EXERCISE PROMPT: Exactly the lines below, starting with the one containing "OHLPRO 3-in-1 Retractable" and going on through the one containing "4月29日上午,公司舉行20", must be reproduced, both ends included, and no pictures with them.

RECORDED INFORMATION:

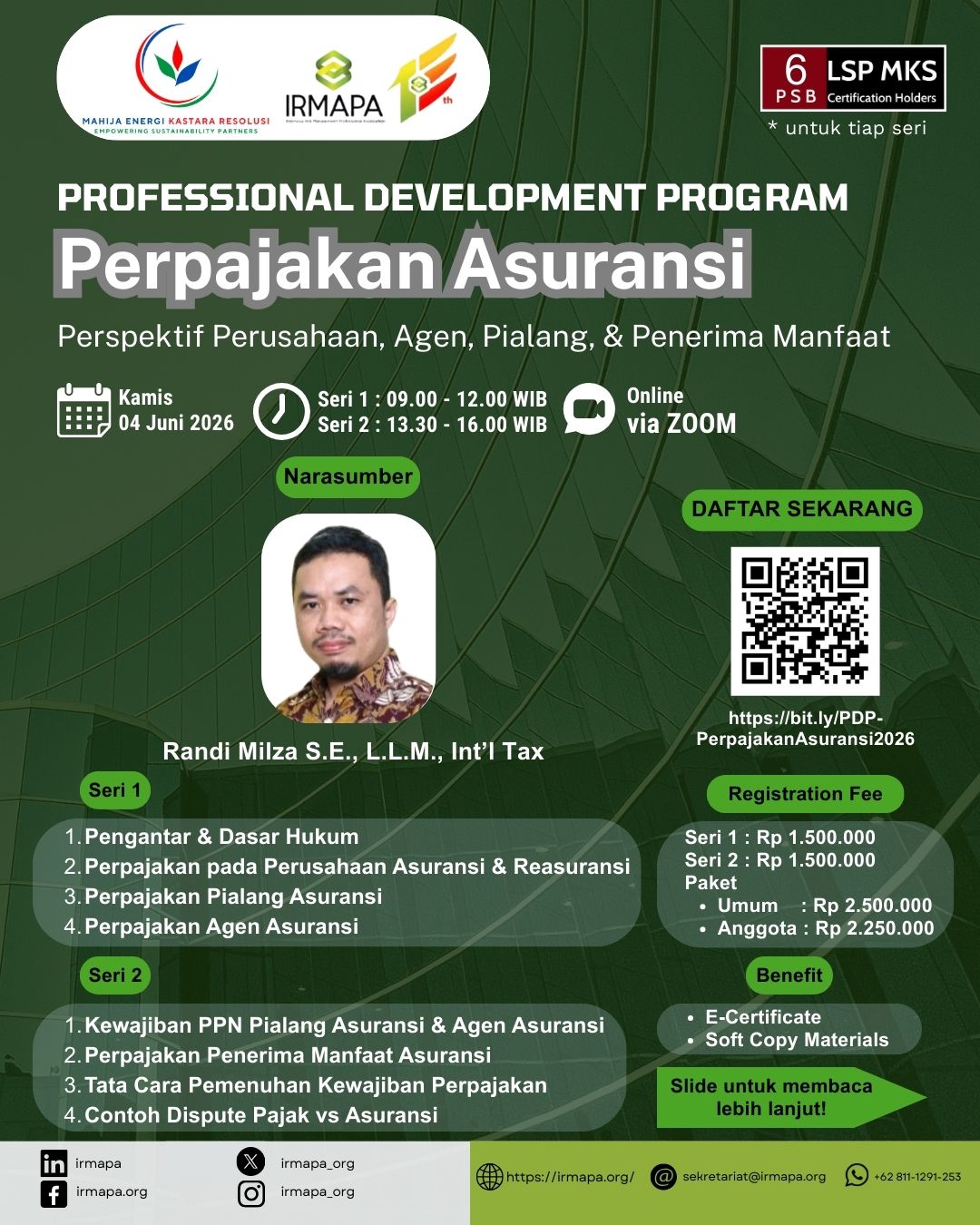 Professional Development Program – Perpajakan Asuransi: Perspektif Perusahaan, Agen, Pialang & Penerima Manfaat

==

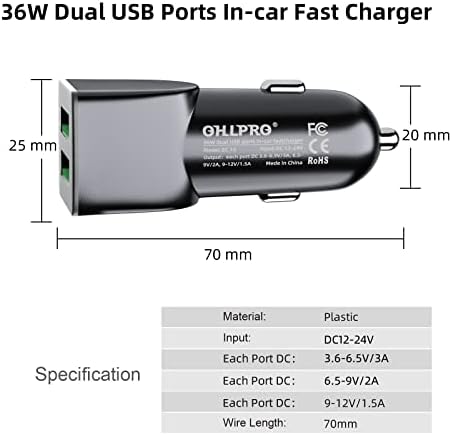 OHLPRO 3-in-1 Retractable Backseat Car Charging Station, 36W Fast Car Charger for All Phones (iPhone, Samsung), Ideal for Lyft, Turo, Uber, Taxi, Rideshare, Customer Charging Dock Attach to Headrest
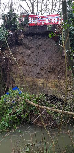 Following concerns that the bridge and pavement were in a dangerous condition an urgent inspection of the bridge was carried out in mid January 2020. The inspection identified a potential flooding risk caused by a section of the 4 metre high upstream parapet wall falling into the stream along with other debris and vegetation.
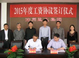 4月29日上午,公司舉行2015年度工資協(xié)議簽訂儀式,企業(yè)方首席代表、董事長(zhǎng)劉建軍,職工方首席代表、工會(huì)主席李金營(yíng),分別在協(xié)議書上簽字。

ANSWER SECTION:
 OHLPRO 3-in-1 Retractable Backseat Car Charging Station, 36W Fast Car Charger for All Phones (iPhone, Samsung), Ideal for Lyft, Turo, Uber, Taxi, Rideshare, Customer Charging Dock Attach to Headrest
 Following concerns that the bridge and pavement were in a dangerous condition an urgent inspection of the bridge was carried out in mid January 2020. The inspection identified a potential flooding risk caused by a section of the 4 metre high upstream parapet wall falling into the stream along with other debris and vegetation.
 4月29日上午,公司舉行2015年度工資協(xié)議簽訂儀式,企業(yè)方首席代表、董事長(zhǎng)劉建軍,職工方首席代表、工會(huì)主席李金營(yíng),分別在協(xié)議書上簽字。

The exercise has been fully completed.